Aim of the task → Could you output each line below precisely as it stands, without the images?

Data below →
★ ★ ★ ★

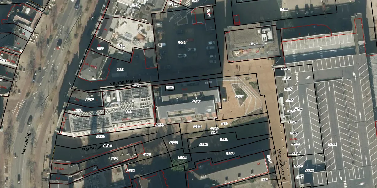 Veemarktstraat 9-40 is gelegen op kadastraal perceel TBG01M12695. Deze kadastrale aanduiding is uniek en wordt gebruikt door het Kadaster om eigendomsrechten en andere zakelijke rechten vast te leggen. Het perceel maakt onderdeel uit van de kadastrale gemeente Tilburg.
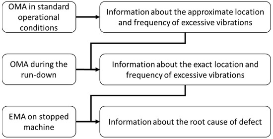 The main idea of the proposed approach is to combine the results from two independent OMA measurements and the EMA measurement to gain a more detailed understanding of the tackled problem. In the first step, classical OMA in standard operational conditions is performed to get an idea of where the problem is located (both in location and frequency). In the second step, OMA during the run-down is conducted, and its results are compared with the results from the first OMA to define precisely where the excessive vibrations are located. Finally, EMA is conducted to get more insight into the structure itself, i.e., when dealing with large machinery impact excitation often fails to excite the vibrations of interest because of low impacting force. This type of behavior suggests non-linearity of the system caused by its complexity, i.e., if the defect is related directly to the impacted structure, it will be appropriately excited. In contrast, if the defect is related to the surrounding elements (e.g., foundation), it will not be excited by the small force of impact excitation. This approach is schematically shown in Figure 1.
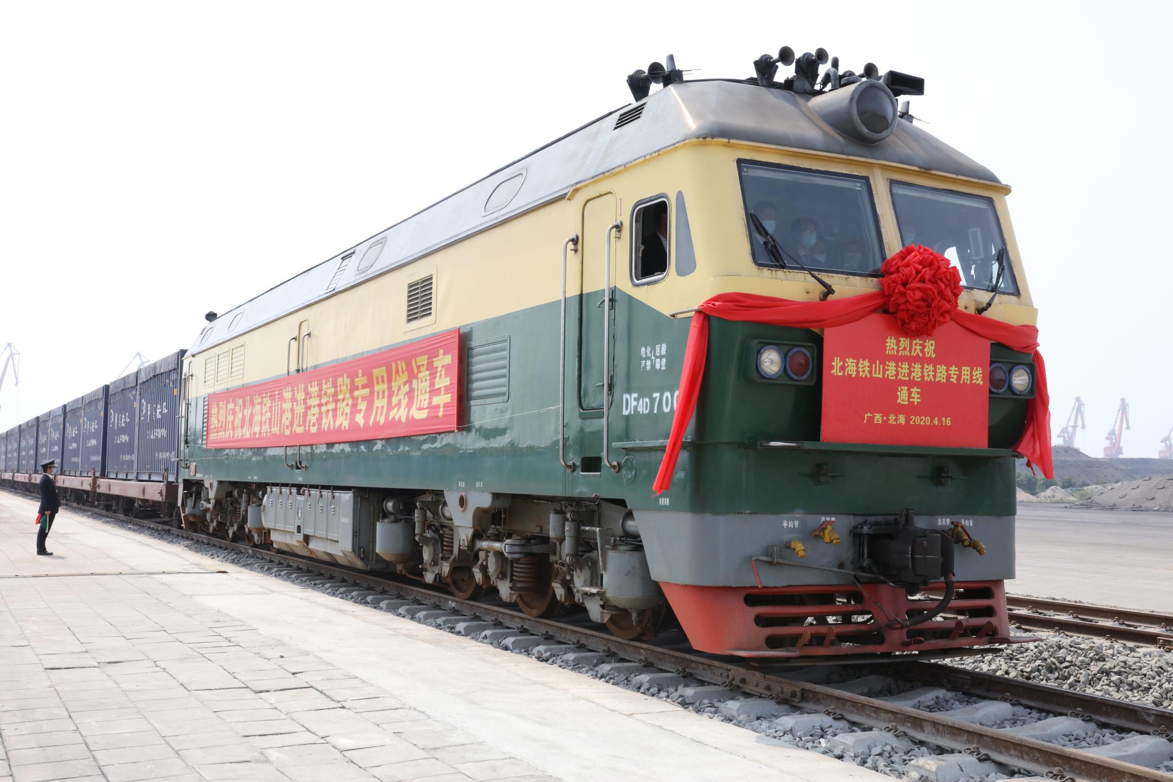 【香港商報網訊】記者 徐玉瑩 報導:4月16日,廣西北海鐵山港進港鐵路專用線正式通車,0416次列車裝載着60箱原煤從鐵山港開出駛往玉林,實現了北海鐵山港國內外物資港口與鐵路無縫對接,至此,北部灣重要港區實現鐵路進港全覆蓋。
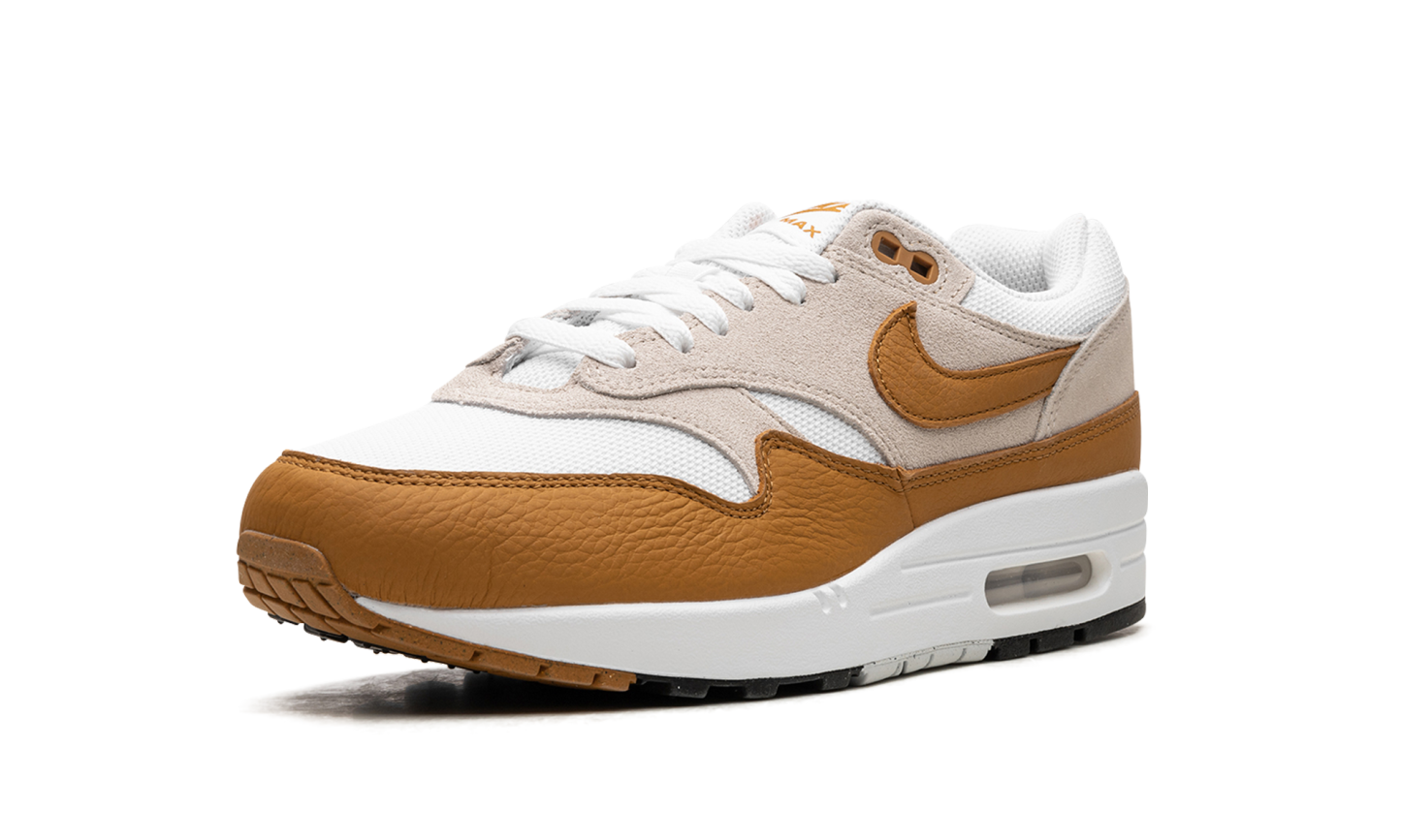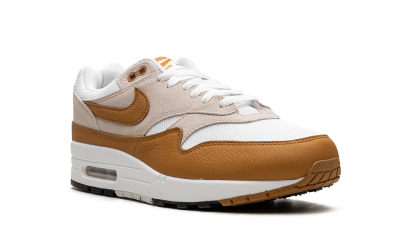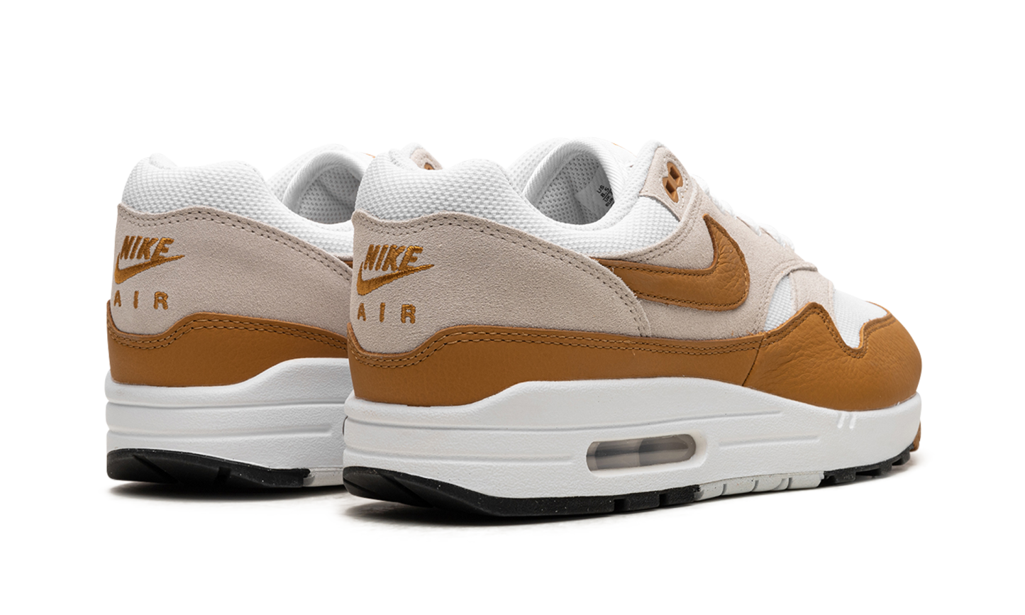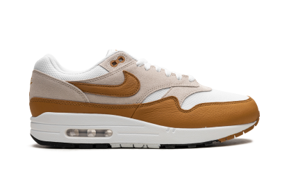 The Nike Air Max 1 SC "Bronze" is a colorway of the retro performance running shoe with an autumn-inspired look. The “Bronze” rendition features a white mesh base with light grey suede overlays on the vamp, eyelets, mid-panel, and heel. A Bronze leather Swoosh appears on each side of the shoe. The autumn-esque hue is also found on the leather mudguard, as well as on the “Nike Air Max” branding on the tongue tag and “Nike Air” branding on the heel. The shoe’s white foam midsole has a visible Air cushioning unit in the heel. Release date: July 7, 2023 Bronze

★ ★ ★ ★

Solution to this exercise →
 Veemarktstraat 9-40 is gelegen op kadastraal perceel TBG01M12695. Deze kadastrale aanduiding is uniek en wordt gebruikt door het Kadaster om eigendomsrechten en andere zakelijke rechten vast te leggen. Het perceel maakt onderdeel uit van de kadastrale gemeente Tilburg.
 The main idea of the proposed approach is to combine the results from two independent OMA measurements and the EMA measurement to gain a more detailed understanding of the tackled problem. In the first step, classical OMA in standard operational conditions is performed to get an idea of where the problem is located (both in location and frequency). In the second step, OMA during the run-down is conducted, and its results are compared with the results from the first OMA to define precisely where the excessive vibrations are located. Finally, EMA is conducted to get more insight into the structure itself, i.e., when dealing with large machinery impact excitation often fails to excite the vibrations of interest because of low impacting force. This type of behavior suggests non-linearity of the system caused by its complexity, i.e., if the defect is related directly to the impacted structure, it will be appropriately excited. In contrast, if the defect is related to the surrounding elements (e.g., foundation), it will not be excited by the small force of impact excitation. This approach is schematically shown in Figure 1.
 【香港商報網訊】記者 徐玉瑩 報導:4月16日,廣西北海鐵山港進港鐵路專用線正式通車,0416次列車裝載着60箱原煤從鐵山港開出駛往玉林,實現了北海鐵山港國內外物資港口與鐵路無縫對接,至此,北部灣重要港區實現鐵路進港全覆蓋。
 The Nike Air Max 1 SC "Bronze" is a colorway of the retro performance running shoe with an autumn-inspired look. The “Bronze” rendition features a white mesh base with light grey suede overlays on the vamp, eyelets, mid-panel, and heel. A Bronze leather Swoosh appears on each side of the shoe. The autumn-esque hue is also found on the leather mudguard, as well as on the “Nike Air Max” branding on the tongue tag and “Nike Air” branding on the heel. The shoe’s white foam midsole has a visible Air cushioning unit in the heel. Release date: July 7, 2023 Bronze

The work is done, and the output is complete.